RedwingWinter Tue 26-Feb-13 22:07:17

The dog was fast asleep and got startled by a small child landing on him, which probably hurt. It really sounds like a one-off. I'm glad your DD still thinks he's a nice doggie - glad she isn't frightened of him and glad that she isn't badly hurt. It sounds like you've done the right things in dealing with it. Perhaps you can have a better sleeping arrangement for him (such as a crate) so that it won't happen again.

poachedeggs Tue 26-Feb-13 22:14:07

I agree, absolutely any dog would react in the same way in the circumstances you describe. I wouldn't let this worry you at all but the advice to crate train is very sound.

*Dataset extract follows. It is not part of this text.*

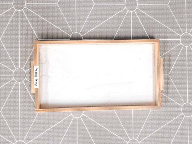 Create your own tracing tray to practice writing letters and numerals using salt, semolina, or sand.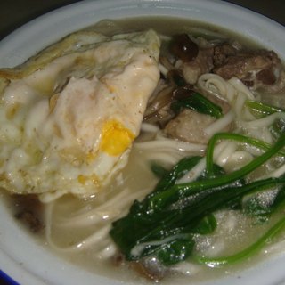 原料:干面条、土鸡蛋、菠菜、盐、排骨汤、鸡精。

When you ask " how can I guarantee that it won't happen again? " - you can't, but that is the case with any pet. You can reduce the risk though smile

miggy Tue 26-Feb-13 22:22:08

Exactly the same thing happened to my DS when he was about two, Au pair was looking after him, he toddled past the dogs bed where he promptly fell onto the sleeping dog and had similar tiny pucture mark bite on his forehead.
It wasnt the dogs fault and actually a dog that leaves a tiny mark like that (and yours) is actually showing prety good bite inhibition really.
Never happened again and dog never showed any sign of aggression ever to him or any of my other subsequent children.
I am usually vehemently of the no second chances with dogs camp but honestly this incident wouldnt worry me (but yes crate fab idea, have seen some on internet that look like a coffee table-brilliant!)

Samu2 Tue 26-Feb-13 22:41:04

Agreeing with everyone else. It is a normal reaction to being landed on when you are asleep.

I would definitely put him in the crate in future and I hope your daughters head is fine smile

Scuttlebutter Tue 26-Feb-13 22:42:51

Another one adding to the general chorus. Your dog has done nothing wrong, and many dogs will understandably be startled if woken when sleeping by a falling object.

Def go for a crate - both dog and children will benefit from knowing that the dog has a safe space where he is not to be disturbed.

midastouch Tue 26-Feb-13 22:50:40

IT doesnt sound like he is a vicious dog it was just a shock to be sound a sleep and have someone fall on him. How does your DD feel about the dog now? Does he not have a bed to sleep in? although mine doesn't use hers or a crate?

midastouch Tue 26-Feb-13 22:51:12

oh god!! i meant isnt a vicious dog!!! oops!!